Planning overseas school expeditions and educational trips in a COVID world is far from simple. There, I’ve said it (as if you didn’t already know)!
As a specialist in planning school expeditions and educational tours, we are well used to managing complicated operations and mitigating risk. It’s what we do - day in, day out.
People occasionally tell me that we’re ‘brave’ to take other people’s children to the other side of the world and get them climbing 6000m mountains and rafting rivers. I don’t see it as bravery; I see it as being methodical, structured and acutely focused on detail.
In order to sleep at night, I have to know that every ‘i’ has been dotted and every ‘t’ crossed. If you’ve been on one of our safety management INSET days, then it’s that old analogy of “Looking out for Lemons”. Not just four of them though – tour operating is more like looking for 400 lemons, thinking how each lemon relates to the others and then putting in place systems to mitigate the risk of them all cropping up.
Then a lemon called COVID came along and changed everything. The headline risk changed and was no longer just the physical risk to individuals from the virus, climbing mountains or rafting rivers, but more from the operational and financial risks to both our clients and ourselves.
The entire global travel industry has been shaken to its roots, and whilst some parts of the industry are beginning to bounce back, the educational travel sector will be one of the last to return.
Schools need to feel confident in order to book. Confident that students and their money will be safe; confident that their staff will be safe; confident that every eventuality has been thought of. Yet how can you feel confident booking a year or more down the line, when you don’t know what’s around the corner?
Let’s face it, if we wait for everything to sort itself out, we could be waiting a LONG time. Therefore, over the past few months we have been quietly working away behind the scenes, completely revising our insurance provision, booking conditions and our school contract, in order to place less risk on schools and individuals.
I’m pleased to say there have been some recent positive developments outside of our control too:
- The Department of Education no longer advises against overseas school trips. It’s not the answer to all problems, but it is certainly a significant step in the right direction - an important piece in the jigsaw.
- Social bubbles within a school setting have been removed. This is another really important piece in the puzzle. Before, if one student booked on a school trip came down with covid, then the whole year group had to isolate. If this happened just prior to a trip’s departure, then no-one could travel. And there wasn’t, nor is there still, any insurance cover for COVID related group cancellations. Now, if one student tests positive, the rest of the group are still able to travel.

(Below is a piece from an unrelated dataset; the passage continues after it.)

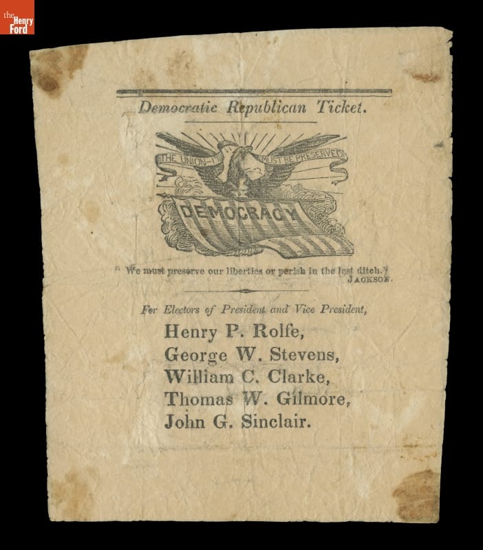 At top: Democratic Republican Ticket/THE UNION MUST BE PRESERVED/ DEMOCRACY/ We must preserve our liberties or perish in the last ditch./ JACKSON...

- Individual covid cancellation insurance is now available. This provides reassuring protection meaning individuals are covered for cancellation due to covid whilst, crucially, the rest of a group are still able to travel. We now include COVID cancellation insurance as standard as part of our packages.
- FCDO advice and Traffic Lights are finally simplifying. Last week came the welcome news of a simplification to the much maligned traffic light system. With just green and red lists, it’s certainly simpler to understand, but, much more important – for the traveller - is the aligning of the traffic light system with FDCO advice. Now, if a country goes from green to red, the FCDO also advice against travel. If you’ve booked your trip through a tour operator, they can no longer operate the trip for you and have to either agree to postpone or cancel with a refund. School trips to countries that are on the green list can be delivered by the operator. Crucially though, the school has the reassurance that if the traffic lights go red, then under the Package Travel Regulations (PTRs) the operator has to cancel and refund. Incidentally, the same goes for restrictive destination entry requirements – if a country introduces entry requirements that mean all travellers from the UK have to isolate on arrival, then the tour operator can no longer operate the trip as planned, resulting in a ‘significant change’ – and the need to agree alternatives or refund.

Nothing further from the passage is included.